### TASK DIRECTIONS
Starting with the first line of the material, reproduce exactly each line up to and including the one that contains "FAKTURA лак яхтный", leaving out every picture.

+++

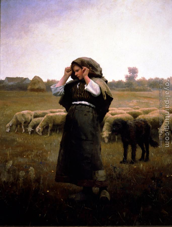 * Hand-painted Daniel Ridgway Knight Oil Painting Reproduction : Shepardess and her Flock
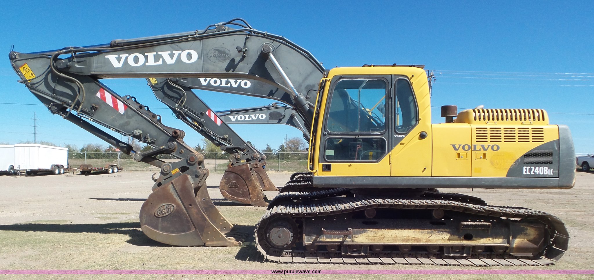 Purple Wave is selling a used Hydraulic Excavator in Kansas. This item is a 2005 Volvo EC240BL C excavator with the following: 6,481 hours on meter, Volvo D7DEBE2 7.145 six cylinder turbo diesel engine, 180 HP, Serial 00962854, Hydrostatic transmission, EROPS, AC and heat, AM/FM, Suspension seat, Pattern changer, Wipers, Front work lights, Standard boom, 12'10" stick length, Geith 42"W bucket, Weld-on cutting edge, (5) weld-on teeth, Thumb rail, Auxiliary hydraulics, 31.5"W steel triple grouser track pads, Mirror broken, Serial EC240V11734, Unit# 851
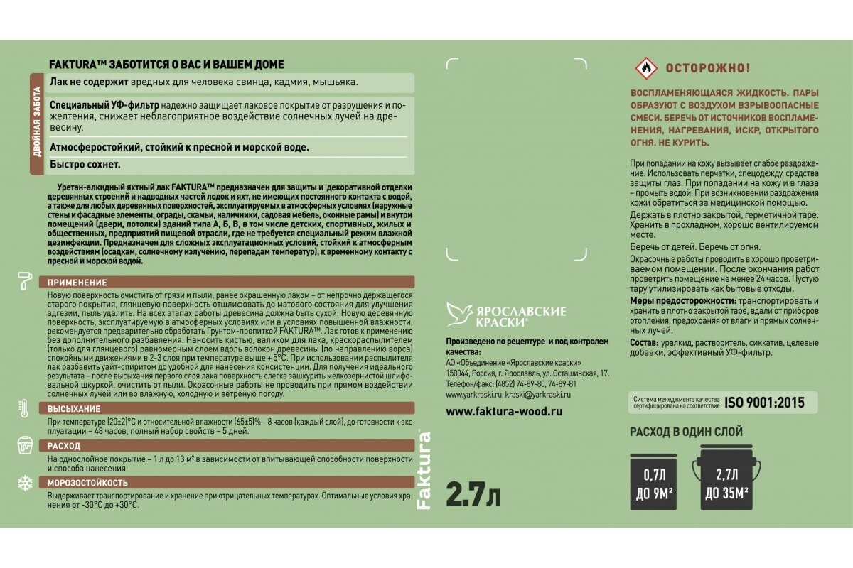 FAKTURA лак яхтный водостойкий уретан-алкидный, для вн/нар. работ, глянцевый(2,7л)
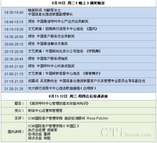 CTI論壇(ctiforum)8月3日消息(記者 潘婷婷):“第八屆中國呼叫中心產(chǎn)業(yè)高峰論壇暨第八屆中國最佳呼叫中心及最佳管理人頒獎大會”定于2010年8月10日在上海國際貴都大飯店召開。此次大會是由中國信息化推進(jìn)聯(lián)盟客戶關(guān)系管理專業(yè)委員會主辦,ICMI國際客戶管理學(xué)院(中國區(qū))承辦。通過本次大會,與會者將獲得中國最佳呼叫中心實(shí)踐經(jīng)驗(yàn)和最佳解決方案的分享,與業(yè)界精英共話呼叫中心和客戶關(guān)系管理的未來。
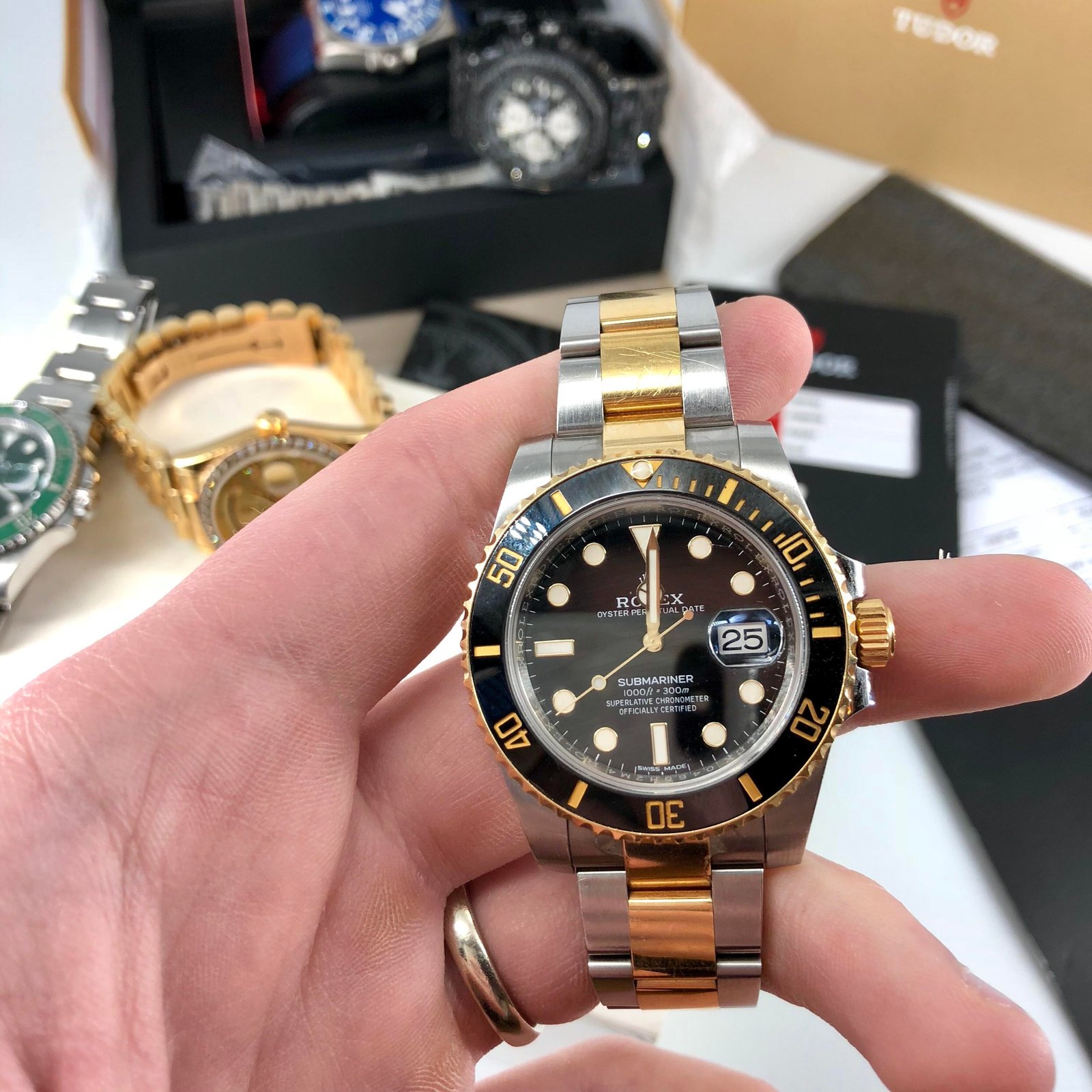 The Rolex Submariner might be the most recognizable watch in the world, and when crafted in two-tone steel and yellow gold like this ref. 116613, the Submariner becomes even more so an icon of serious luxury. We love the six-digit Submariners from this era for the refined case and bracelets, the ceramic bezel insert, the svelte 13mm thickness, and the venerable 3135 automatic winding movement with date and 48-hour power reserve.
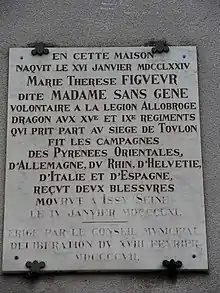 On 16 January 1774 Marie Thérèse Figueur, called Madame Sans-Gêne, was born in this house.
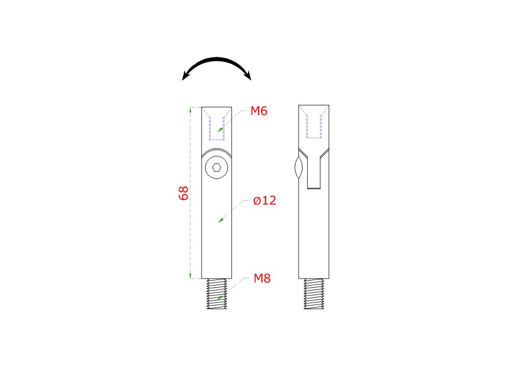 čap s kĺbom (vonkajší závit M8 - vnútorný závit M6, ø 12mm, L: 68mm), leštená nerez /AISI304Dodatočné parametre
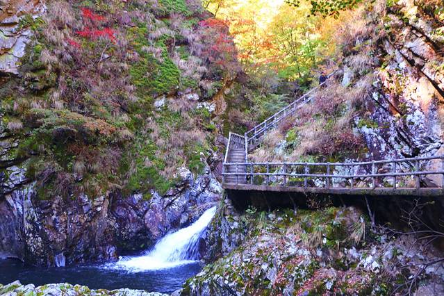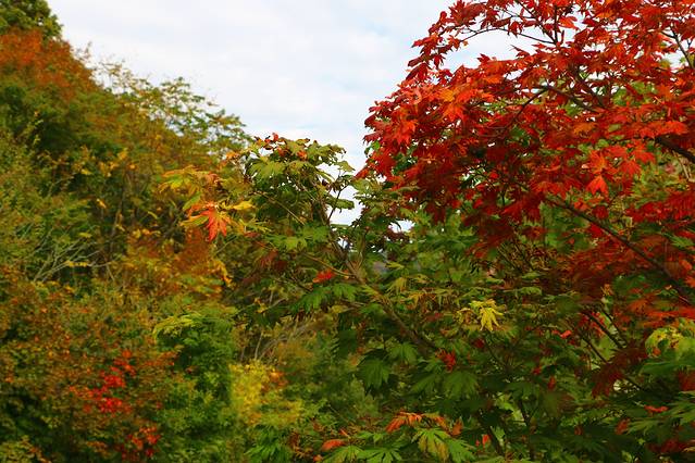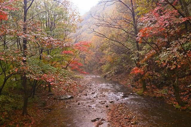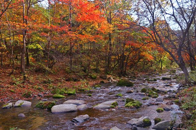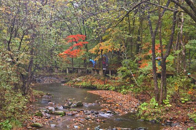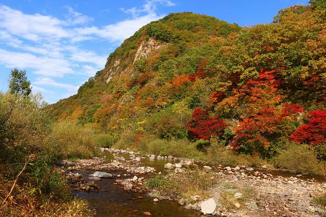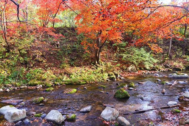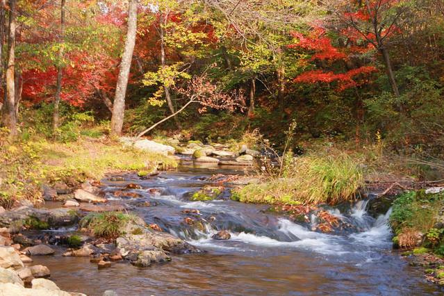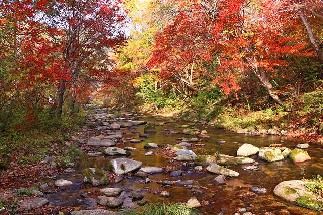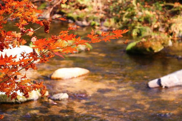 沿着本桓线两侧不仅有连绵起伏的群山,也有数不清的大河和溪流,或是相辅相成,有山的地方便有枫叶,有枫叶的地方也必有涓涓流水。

+++

### TASK RESULT
 * Hand-painted Daniel Ridgway Knight Oil Painting Reproduction : Shepardess and her Flock
 Purple Wave is selling a used Hydraulic Excavator in Kansas. This item is a 2005 Volvo EC240BL C excavator with the following: 6,481 hours on meter, Volvo D7DEBE2 7.145 six cylinder turbo diesel engine, 180 HP, Serial 00962854, Hydrostatic transmission, EROPS, AC and heat, AM/FM, Suspension seat, Pattern changer, Wipers, Front work lights, Standard boom, 12'10" stick length, Geith 42"W bucket, Weld-on cutting edge, (5) weld-on teeth, Thumb rail, Auxiliary hydraulics, 31.5"W steel triple grouser track pads, Mirror broken, Serial EC240V11734, Unit# 851
 FAKTURA лак яхтный водостойкий уретан-алкидный, для вн/нар. работ, глянцевый(2,7л)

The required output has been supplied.